> [Source material]:

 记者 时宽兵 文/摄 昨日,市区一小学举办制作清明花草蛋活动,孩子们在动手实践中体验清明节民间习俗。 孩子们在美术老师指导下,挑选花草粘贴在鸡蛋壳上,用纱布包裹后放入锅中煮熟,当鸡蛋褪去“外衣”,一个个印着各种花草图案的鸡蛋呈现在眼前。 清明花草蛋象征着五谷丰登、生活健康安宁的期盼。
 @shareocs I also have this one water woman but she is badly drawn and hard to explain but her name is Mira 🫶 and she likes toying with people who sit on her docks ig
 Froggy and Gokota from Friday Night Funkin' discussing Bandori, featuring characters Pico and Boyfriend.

* * *

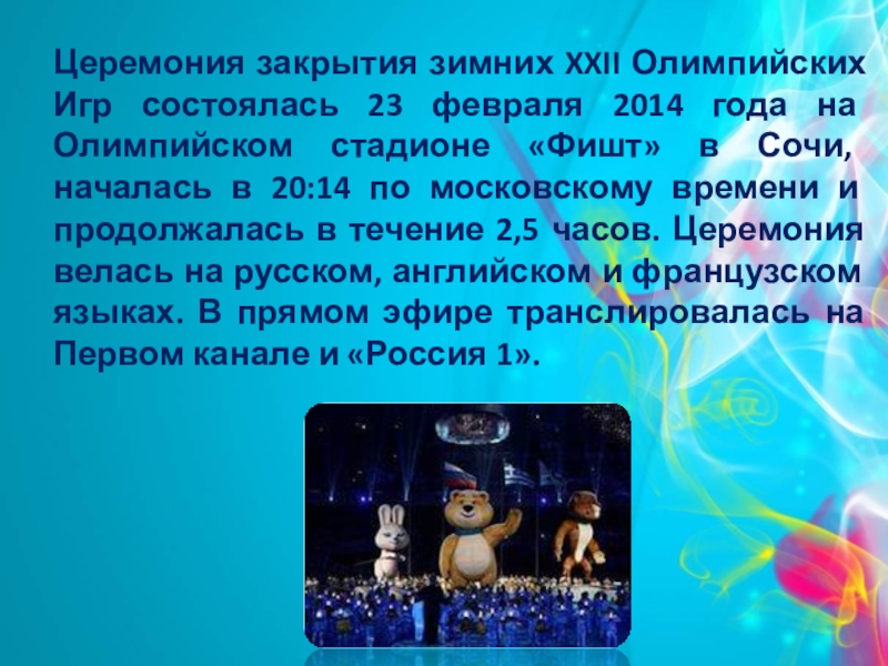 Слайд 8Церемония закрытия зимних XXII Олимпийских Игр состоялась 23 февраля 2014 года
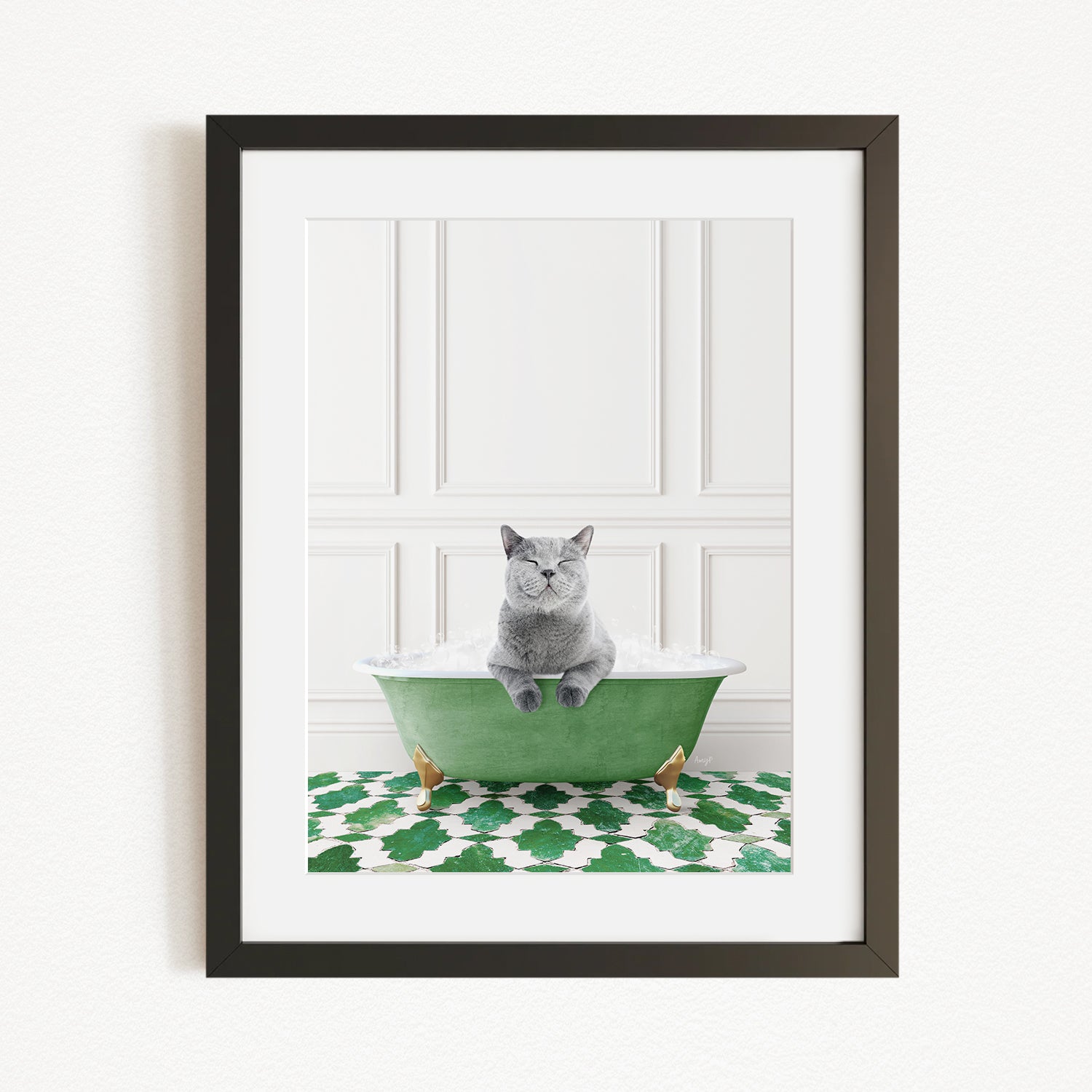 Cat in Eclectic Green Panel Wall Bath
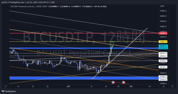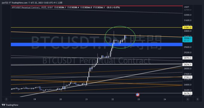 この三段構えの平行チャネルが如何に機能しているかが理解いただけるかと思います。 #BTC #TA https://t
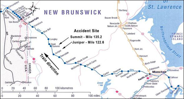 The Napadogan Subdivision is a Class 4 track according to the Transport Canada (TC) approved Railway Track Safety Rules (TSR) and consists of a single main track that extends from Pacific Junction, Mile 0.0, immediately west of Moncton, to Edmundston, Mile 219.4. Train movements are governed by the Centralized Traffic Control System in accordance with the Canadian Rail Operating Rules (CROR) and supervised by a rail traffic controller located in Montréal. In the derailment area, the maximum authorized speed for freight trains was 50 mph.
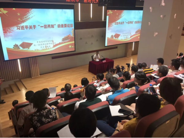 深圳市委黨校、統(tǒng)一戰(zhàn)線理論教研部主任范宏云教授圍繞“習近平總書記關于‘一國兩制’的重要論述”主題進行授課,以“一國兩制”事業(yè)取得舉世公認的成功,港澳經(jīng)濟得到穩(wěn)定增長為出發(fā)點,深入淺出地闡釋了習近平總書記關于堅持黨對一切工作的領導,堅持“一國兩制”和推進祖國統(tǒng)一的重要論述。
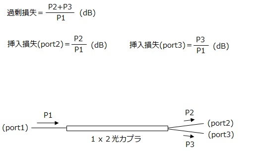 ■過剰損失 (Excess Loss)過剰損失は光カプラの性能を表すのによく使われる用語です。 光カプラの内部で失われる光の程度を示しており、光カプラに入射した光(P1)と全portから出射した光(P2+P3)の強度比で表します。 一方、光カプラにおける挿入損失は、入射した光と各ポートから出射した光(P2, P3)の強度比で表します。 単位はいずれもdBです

> [What is needed]: Leaving pictures out, output the lines of the data above from the one with "Cat in Eclectic Green Panel Wall Bath" through the one with "一方、光カプラにおける挿入損失は、入射した光と各ポートから出射した光(P2, P3)の強度比で表します。 単位はいずれもdBです", word for word.

> [Final answer]:
 Cat in Eclectic Green Panel Wall Bath
 この三段構えの平行チャネルが如何に機能しているかが理解いただけるかと思います。 #BTC #TA https://t
 The Napadogan Subdivision is a Class 4 track according to the Transport Canada (TC) approved Railway Track Safety Rules (TSR) and consists of a single main track that extends from Pacific Junction, Mile 0.0, immediately west of Moncton, to Edmundston, Mile 219.4. Train movements are governed by the Centralized Traffic Control System in accordance with the Canadian Rail Operating Rules (CROR) and supervised by a rail traffic controller located in Montréal. In the derailment area, the maximum authorized speed for freight trains was 50 mph.
 深圳市委黨校、統(tǒng)一戰(zhàn)線理論教研部主任范宏云教授圍繞“習近平總書記關于‘一國兩制’的重要論述”主題進行授課,以“一國兩制”事業(yè)取得舉世公認的成功,港澳經(jīng)濟得到穩(wěn)定增長為出發(fā)點,深入淺出地闡釋了習近平總書記關于堅持黨對一切工作的領導,堅持“一國兩制”和推進祖國統(tǒng)一的重要論述。
 ■過剰損失 (Excess Loss)過剰損失は光カプラの性能を表すのによく使われる用語です。 光カプラの内部で失われる光の程度を示しており、光カプラに入射した光(P1)と全portから出射した光(P2+P3)の強度比で表します。 一方、光カプラにおける挿入損失は、入射した光と各ポートから出射した光(P2, P3)の強度比で表します。 単位はいずれもdBです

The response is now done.